I have a rather simple question, which still kept me thinking for two hours without any result.

If we want to determine the multiplicity in the microcanonical ensemble we just devide the volume of the shell containing the accessible microstates over the volume of one microstate; let us write the multplicity as:
$$\Gamma = \frac{\omega }{\omega_{0}}.$$
Now, we can write the RHS as:
$$\frac{\omega }{\omega_{0}} = \frac{\int' d^{3N}q d^{3N}p}{d^{3N}q d^{3N}p}.$$
Next multiplying by $$\rho_{0},$$ where $$\rho_0$$ is the constant density distridubtiion of the ensemble members in a microcanonical ensemble. we get:
$$\frac{\omega }{\omega_{0}} = \frac{\int' d^{3N}q d^{3N}p \, \rho_0}{d^{3N}q d^{3N}p \, \rho_0};$$
Now this would mean that the mutliplicity $$\Gamma$$ is given by:
$$\Gamma = \frac{N}{n_0};$$
where N is the total number of ensemble members and n_0 is the number of ensemble elements in a given microstate.

First question, is this correct? Is this ok to write?

Next, let's suppose everything is fine. What would this expression then mean?

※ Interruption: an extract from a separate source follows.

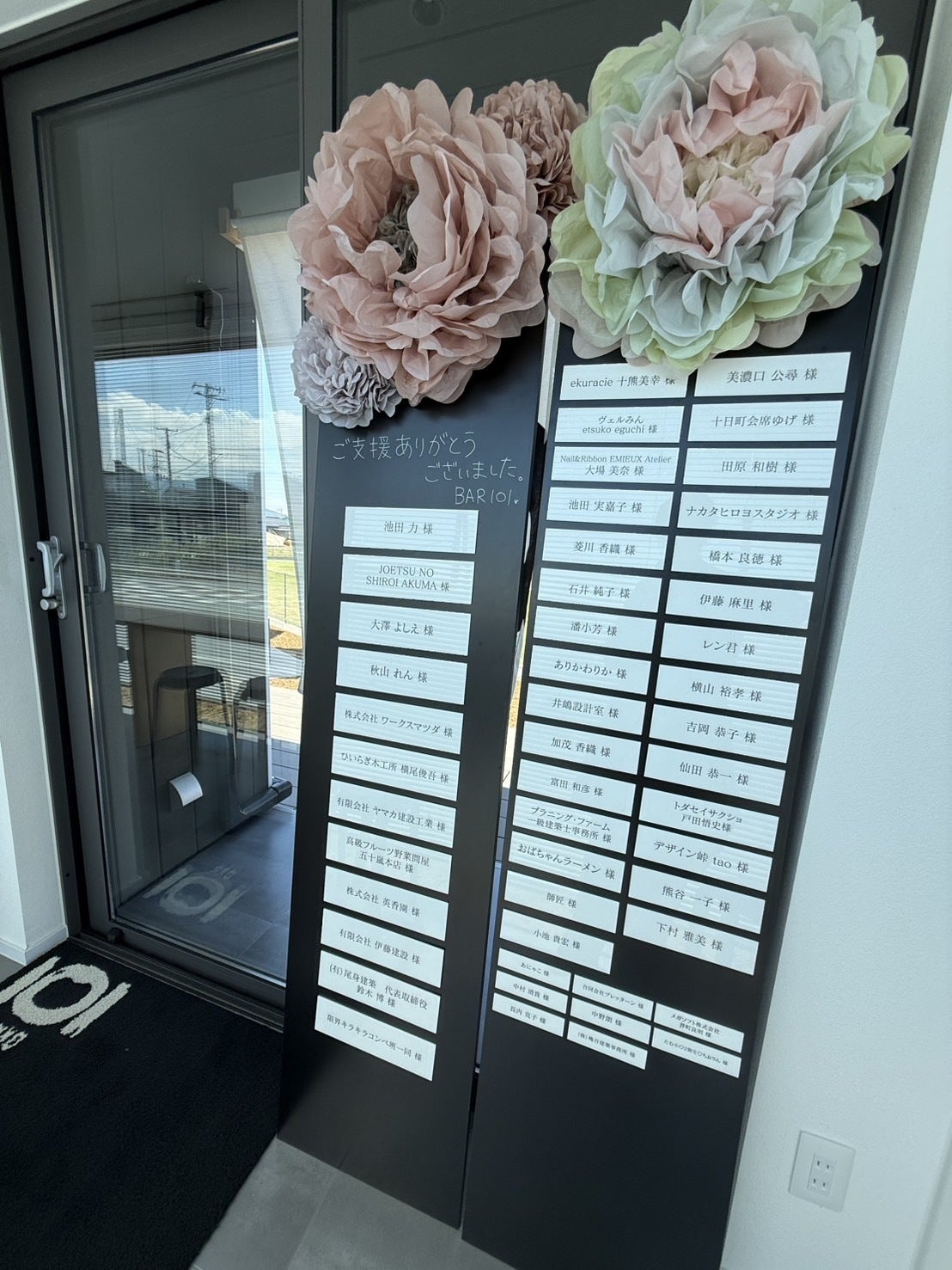 2025/08/01 16:15“お花の代わりに、あなたのお名前を”BAR101の店内に掲出させていただく「スペシャルサンクスボード」が、完成しました!お名前を目にするたびに、たくさんの人に応援していただいていることを改めて感じます。この場を借りて、改めて本当にありがとうございます。オープンに先立ち、ドリンクチケットリターンの返礼なども進んでいます!支援者様はダイレクトメッセージをご確認ください◎支援していただいた皆さんには感謝の気持ちでいっぱいです。ぜひ、お近くに来られた際はお立ち寄りいただき、ご覧になってくださいね!クラウドファンディングは残り2週間、SNSでの拡散も大歓迎です!引き続きよろしくお願いいたします! もっと見る

$$\frac{\int d^{3N}q d^{3N}p \, \rho(q,p)}{d^{3N}q d^{3N}p \, \rho(q,p)} = \frac{N}{n(q,p)};$$

where $$\rho(q,p)$$ is the density distribution again but this time it is not constant anymore, it varies from microstate to microstate. We would get something like $$\Gamma (q,p).$$ What does it mean? Can anyone help? I can't firugre out what this "multiplcity", that is (q,p) dependent, means. Incidently its inverse is similar to the probability distribution of the canonical ensemble and grand canonical ensemble.

Any help would be greatly appreciated.